UTAX ranks hits by word identity (WordId, the number of words in common between the query and target sequence) rather than alignment identity (PctId) because WordId is much faster to calculate and gives results that are just as good on my benchmark tests, reflecting that both measures correlate more or less equally well with taxonomic rank. From the table we can see that the top hit by word identity (AB370251|S001093530) has lower alignment identity than the nearest neighbor at genus level. In other words, the closest genus by word identity is different from the closest genus by alignment identity. This again shows that other genera have indistinguishable identities to the top hit, confirming that the genus prediction should have low confidence unless we have convincing evidence from a different type of analysis.
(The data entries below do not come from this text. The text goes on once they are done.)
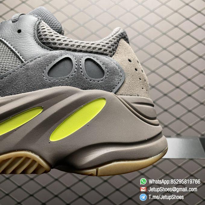 Best Replica Yeezy Boost 700 ‘Mauve’ Sneaker SKU EE9614 Top Quality Yeezy RepSneakers  — The Yeezy Boost 700 ‘Mauve’ takes on a somber color scheme that blends black and purplish grey across its signature multi-layered upper. The complex arrangement sees different varieties of mesh complemented with suede and textured leather paneling, all resting upon a tonal sculpted midsole accented with pops of neon green. Exterior branding is limited to subtly visible Three-Stripes on the quarter panel and an adidas logo embossed on the outsole.
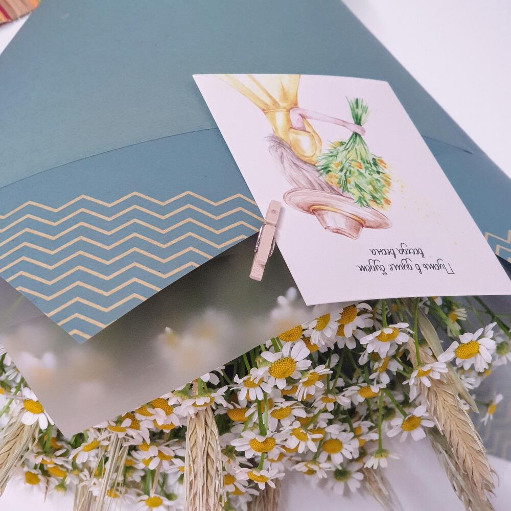 Лента атласная – 1 шт.Ромашка кустовая – 7 шт.Крафт упаковка – 1 шт.Открыточка с вашими пожеланиями – 1 шт.пленка матовая прозрачная – 1 шт.любовь флориста(бесплатно) – 1 шт.колоски пшеницы сухоцвет – 10 шт.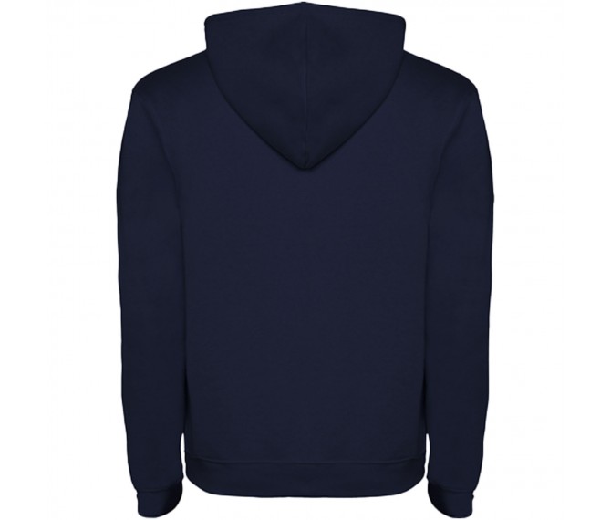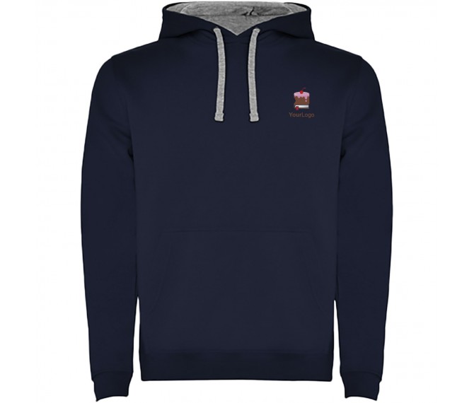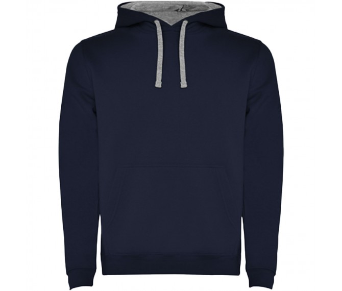 Tweekleurige hoodie met dubbele stof. Versterkte bedekte naden in de kraag en kangoeroezak. 1x1 elastaan rib in manchetten en tailleband. Verwijderbaar etiket. Het model is 120 cm en draagt maat 5/6.

The nearest neighbor at family level has only a small difference (83% vs. 86% or 87% for the top hit). This is only slightly better than genus -- the difference could be due to different evolutionary rates in different families, missing data or imperfect correlation between identity and taxonomy. This analysis supports the low family confidence reported by UTAX.
Bayesian magic?
So far, we have seen that sequence identity is clearly not enough to predict
genus or family with confidence. Is it possible that the Naive Bayesian
Classifier algorithm can detect a signal we can't see from the alignment
identities?
A first place to look is the training examples. The training set has just two sequences for Barnesiella: AB267809|S000734936 and AB370251|S001093530. These are 95% similar over the V4 region, so they are more similar to each other than they are to the OTU_4 sequence (85% and 87%). Given only two sequences that are 95% identical, it is hard to imagine how an algorithm could figure out which of the 8-mers in those sequences are predictive. This situation is not unusual -- the RDP training set has 2,799 different taxa of which 1,133 (40%) have only one reference sequence Actually, most taxa have no training sequences! Conceptually, the classifier needs to identify 8-mers that have higher probability in a given genus (say, Barnesiella) compared to other genera, but no algorithm can do this reliably if most genera are missing from the database.
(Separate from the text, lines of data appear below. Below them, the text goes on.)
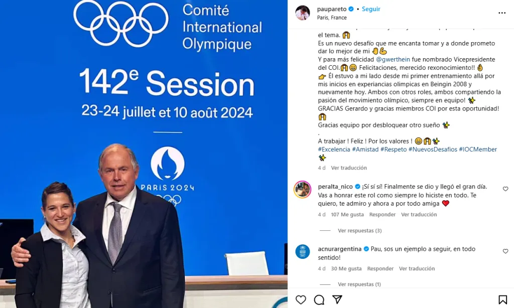 “Siempre me sentí parte, pero hoy puedo accionar y sumar con más fuerza, estando en contacto directo con las necesidades que existan y trabajando en equipo con expertos en el tema. Es un nuevo desafío que me encanta tomar y a donde prometo dar lo mejor de mi”. Luego, también hubo dedicatoria para Werthein: “Felicitaciones, ¡merecido reconocimiento! Él estuvo a mi lado desde mi primer entrenamiento allá por mis inicios en experiencias olímpicas en Beijing 2008 y nuevamente hoy. Ambos con otros roles, ambos compartiendo la pasión del movimiento olímpico, siempre en equipo. ¡Gracias Gerardo y gracias miembros COI por esta oportunidad! Gracias equipo por desbloquear otro sueño. A trabajar. Feliz. Por los valores”.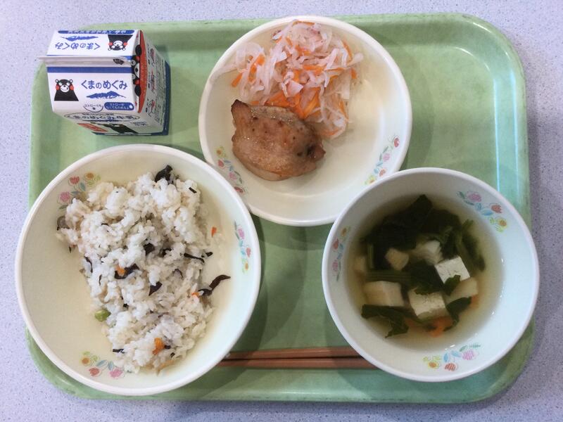 主食(わかめごはん)、牛乳、副食(鉄火煮、ひじきサラダ、りんご) |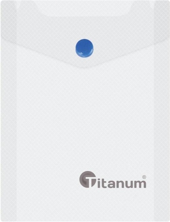 Teczka z polipropylenowej folii o transparentnej, lekko matowej, prążkowanej fakturze, pionowa, zapinana na zatrzask, format A6.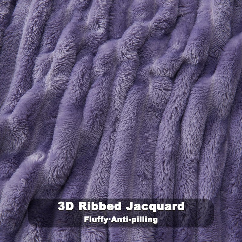 NEWCOSPLAY Super Soft Throw Blanket Lavender Premium Silky Flannel Fleece 3D Ribbed Jacquard Lightweight Bed Blanket All Season Use (Lavender Ribbed, Throw(50"x60"))

In fact, the Bayesian statistical method used by RDPC gives obviously wrong answers. The theory is used to calculate the probability (technically called a posterior) that a sequence belongs to a given taxon. The posteriors are obviously wrong because they are always tiny -- millionths or billionths instead of being close to 1.0 for correct predictions. If the theory worked reasonably well, a Bayesian classifier algorithm would report the posteriors for each predicted taxon. Bootstrapping is used instead because the probabilities are wrong. Bootstrapping reports how often some other taxon has the highest posterior at a given rank when words are randomly subsampled. This is effectively a measure of the distance between the most probable and second most probable taxon, not of the probability that the top taxon is correct. If the training set was complete or almost complete, this would be a reasonable procedure, but with a sparse reference database you may get a high bootstrap value because the reference sequence doesn't have any known close relatives, which could be due to missing data.
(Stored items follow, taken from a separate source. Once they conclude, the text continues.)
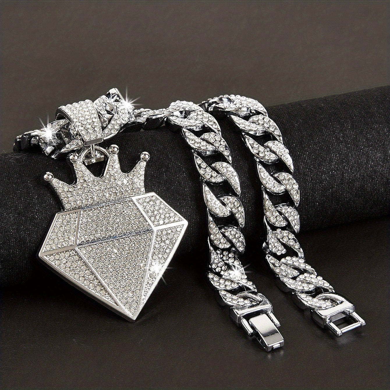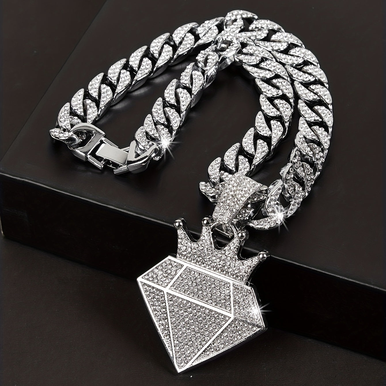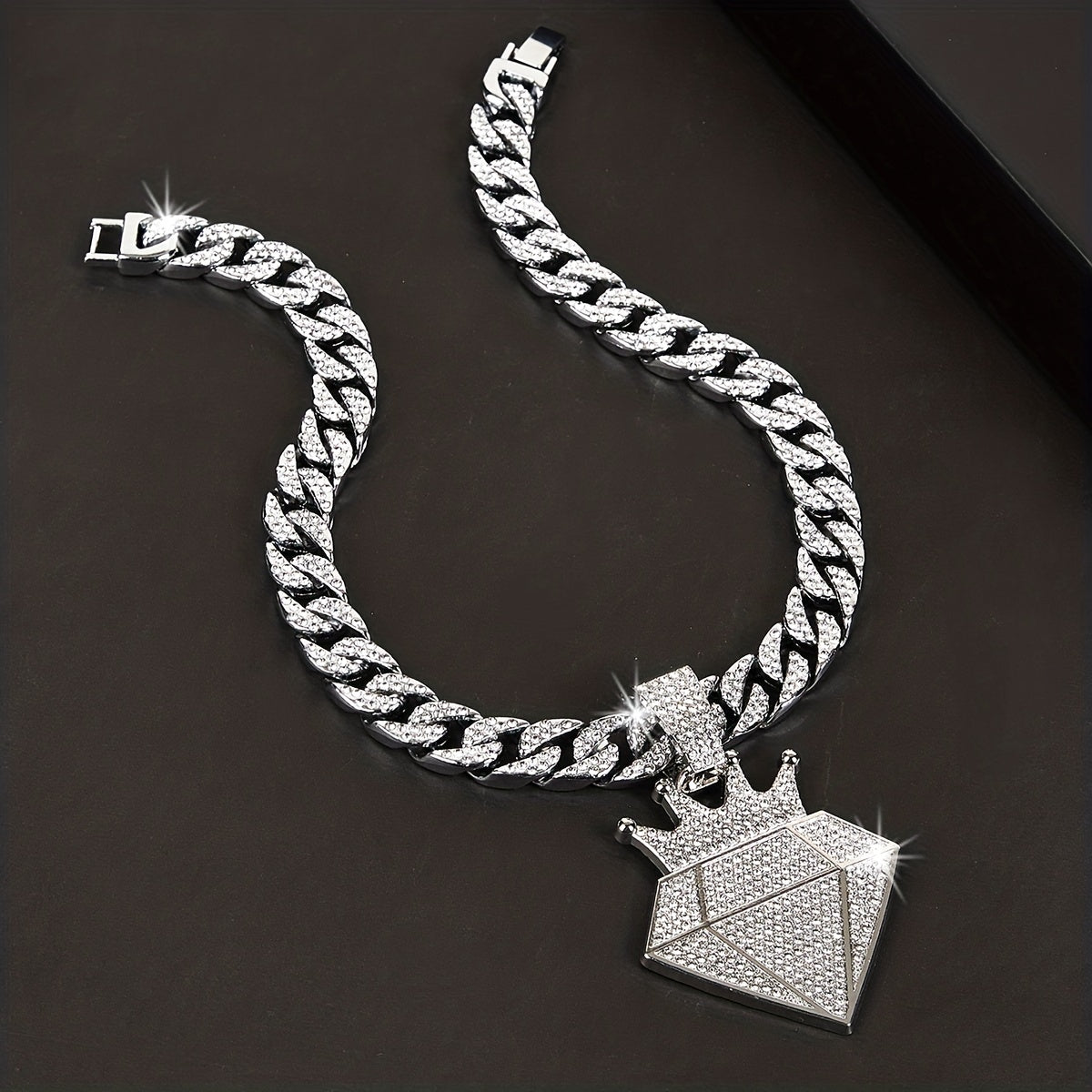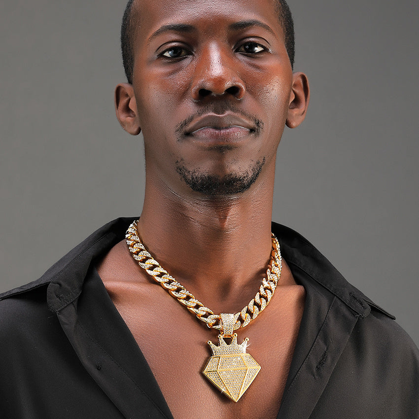 Add a touch of royalty to your look with this stylish Crown Pendant Cuban Chain Necklace.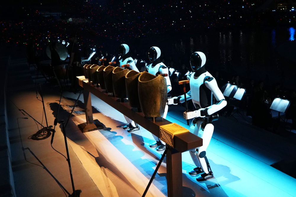 11月9日,開幕式上的工業人形機器人敲響千年前的中國古代樂器青銅句鑃。新華社記者 李一博 攝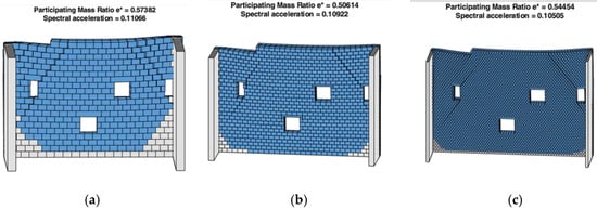 The out-of-plane collapse mechanisms of the F3 façade with participating mass in blue for the meshes (a) M1, (b) M2, and (c) M3.

It's difficult to say exactly why RDPC gives such high confidence at genus
and family level because the algorithm is opaque -- for all practical
purposes, it is impossible for a user to understand and check the evidence
used to make a prediction. By contrast, UTAX makes its prediction on the
basis of sequence similarity (measured by word identity) and the distance to the nearest neighbor at each
rank. This evidence is shown in the nearest neighbor report and can be
reviewed manually. In my opinion, the ability to understand and review the
evidence supporting a prediction is an important advantage of UTAX.